As demonstrated by the Mann-Whitney U test, the efficiency indicator is the one that presents the greatest alterations in the terrain with a very steep and extremely steep slope, the slope type factor, allows us to see an inverse relationship, so that the number of baskets collected is greater if the angle of inclination of the terrain is smaller.
Field slope conditions hinder the automation and mechanization of the harvesting process; therefore, determining the impact of field slope on manual harvesting indicators is a promising research topic to improve the productivity of the agricultural sector.

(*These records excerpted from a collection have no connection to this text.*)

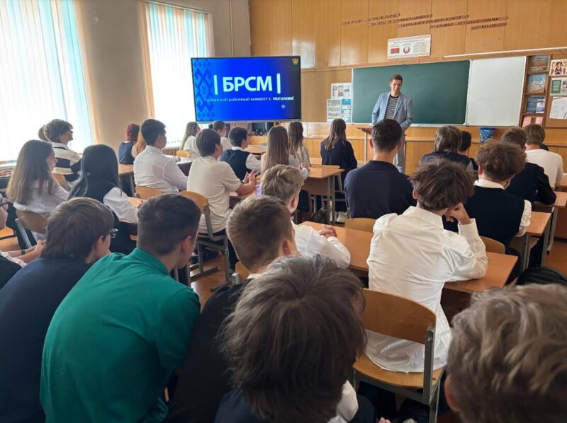 16 сентября в рамках обучающей программы «Я. Моя семья. Моя Родина» в нашей школе состоялась встреча первого секретаря Ленинского районного комитета общественного объединения «Белорусский Республиканский союз молодёжи» Даниила Олеговича Васильева с учащимися 9-х классов. Даниил Олегович рассказал ребятам о направлениях деятельности «БРСМ». Отметил, что что самая массовая молодёжная организация Республики Беларусь, которая объединяет наиболее активных представителей нового поколения. Сказал, что именно им, молодым белорусам, предстоит своими руками строить процветающую Беларусь.
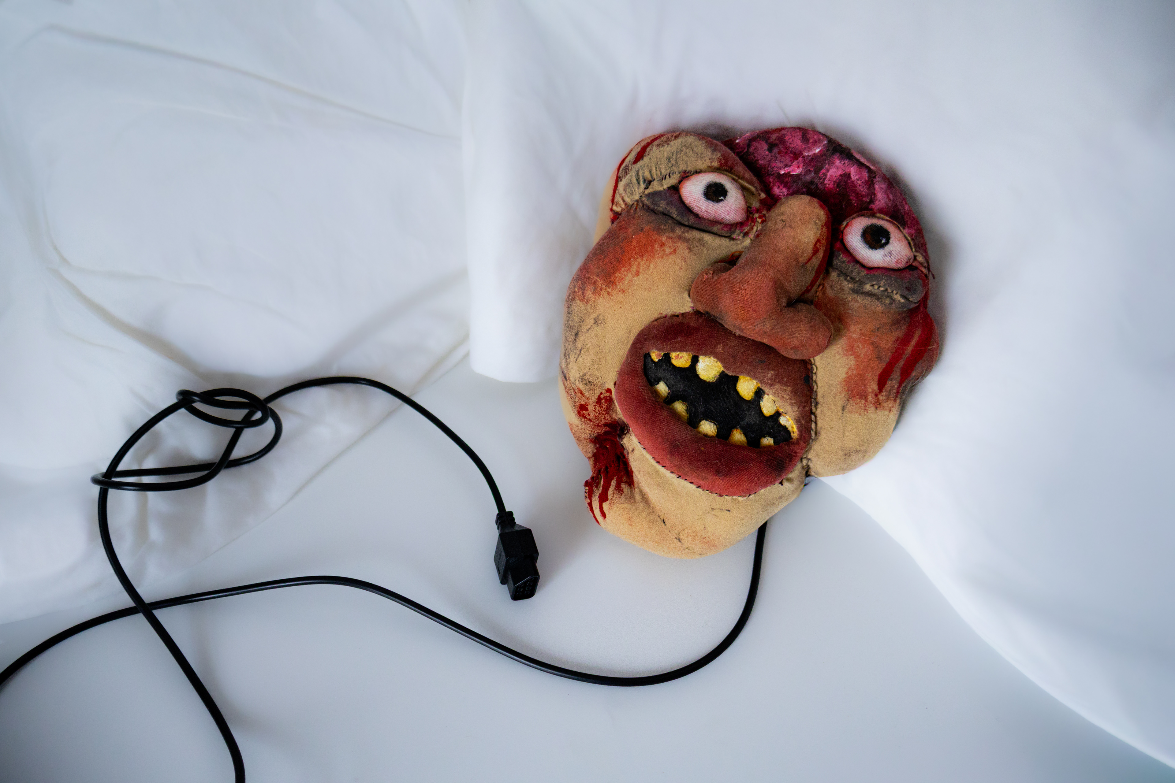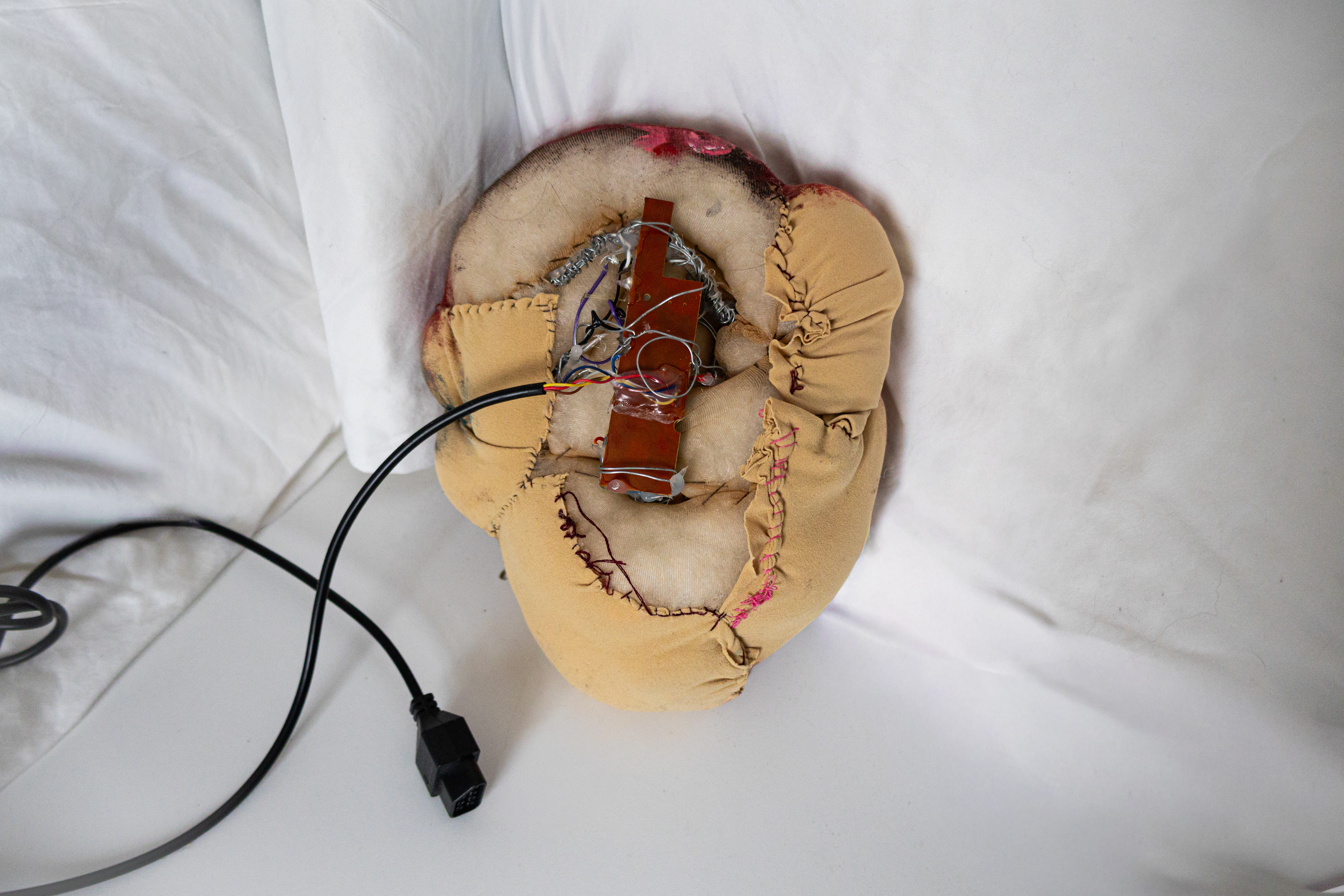 Nintendo 64 game controller reconstructed with button components in the face.
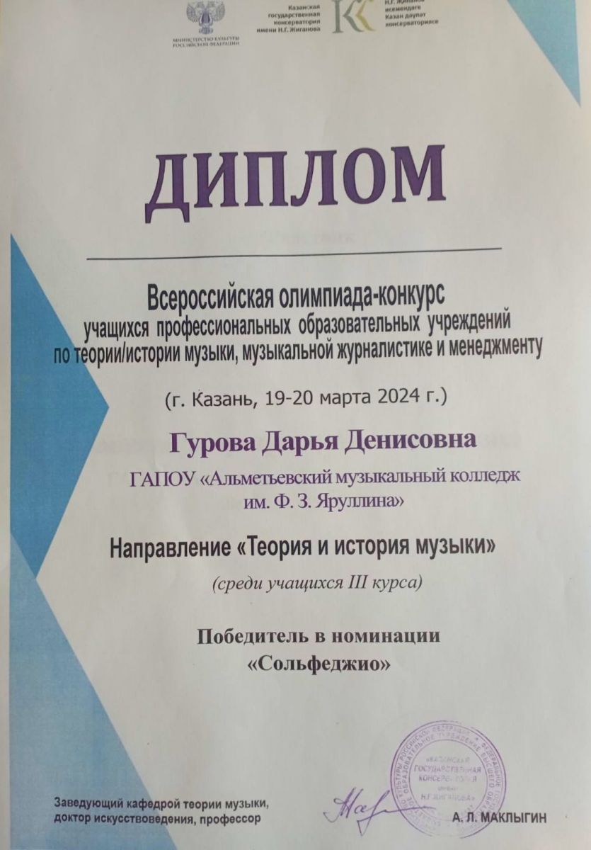 Гурова Дарья - Победитель в номинации "Сольфеджио".
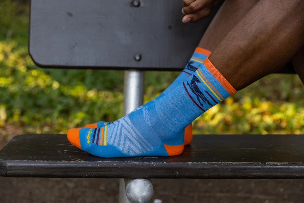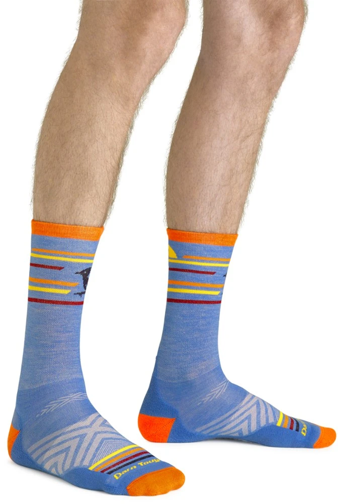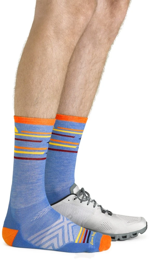 No matter your speed or distance, the men’s Darn Tough Frontrunner Micro Crew Ultralight Cushion socks keep feet comfy and dry with cushioning underfoot, targeted flex up top and breathable vents.
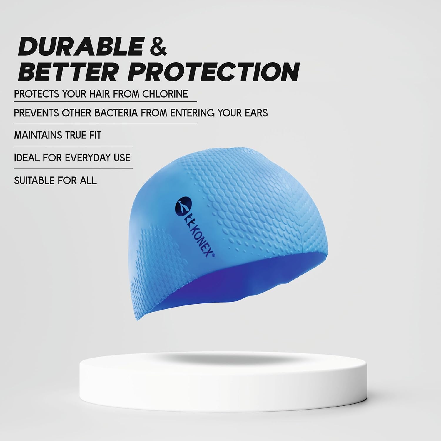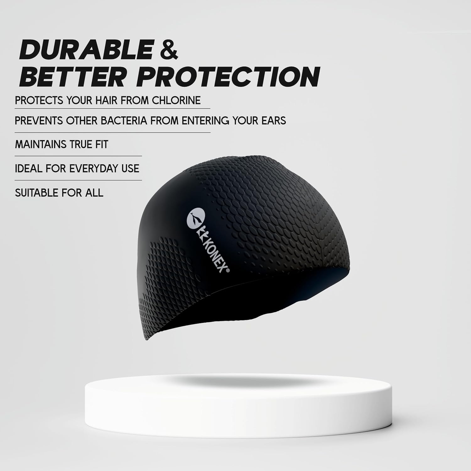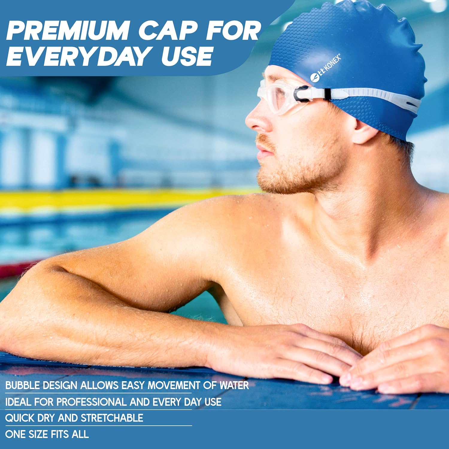 قبعة سباحة مقاومة للماء من Konex للرجال والنساء والفتيان والفتيات | سيليكون | مقاس واحد يناسب الجميع | لا تسحب الشعر | تمنع التلف الكيميائي
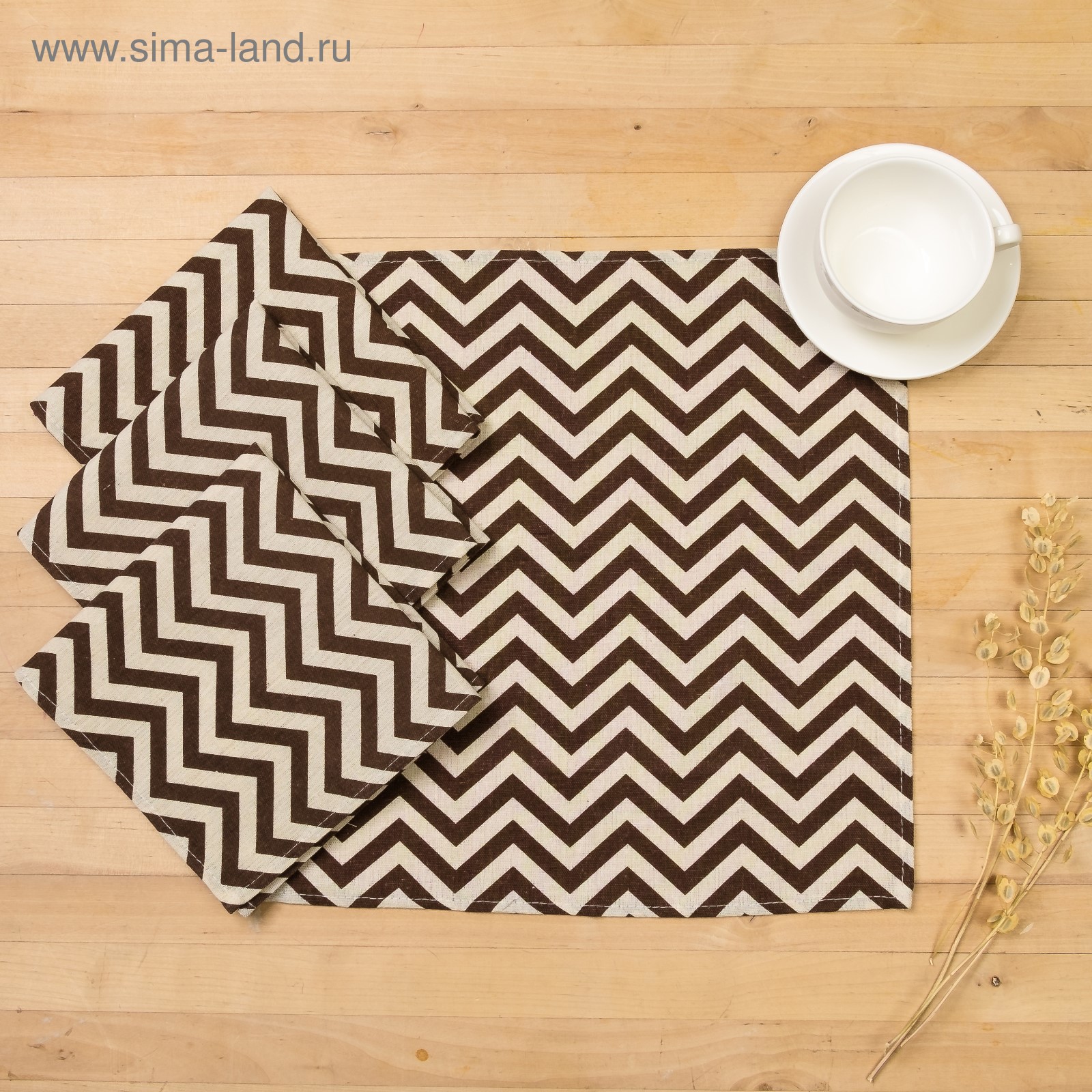 Набор салфеток Доляна 40х40см 4шт, Зигзаг коричневый, 100%пэ, рогожка
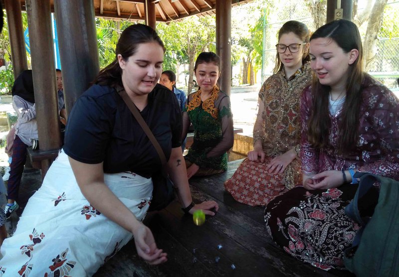 MAINAN TRADISIONAL. Sejumlah mahasiswa Universitas Oklahoma Amerika Serikat sedang bermain mainan tradisional di Unitomo Surabaya. Foto: Khoirotul Lathifiyah
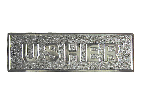 High polish badges have a satin finish background with polished letters and border. 5/8" x 2 1/8" Pin back style.
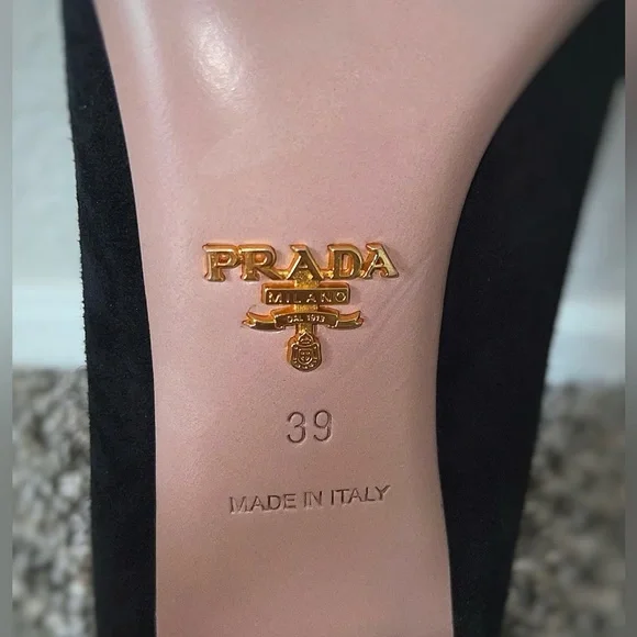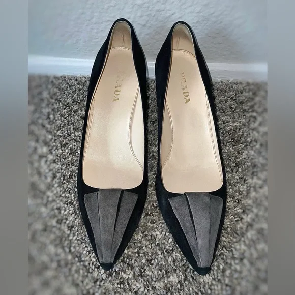 • Black Leather - Velvet• Excellent conditionsThe shoes are designer-signed featuring pleated applique and bottom leather sole with gold - tone Prada.

The project did not consider the experience of the collectors, because the ranges of experience calculated in years did not present statistically significant differences, but the authors consider that the experience of the collectors is an important factor that should be considered and analyzed in future research with a larger population sample.
The study of harvesting indicators will help to identify the main factors that are involved in the manual harvesting process of citrus, helping to develop new tools with ergonomic characteristics that allow to improve the yields of the process and contribute to the improvement of the postures that they generate. musculoskeletal injuries to collectors.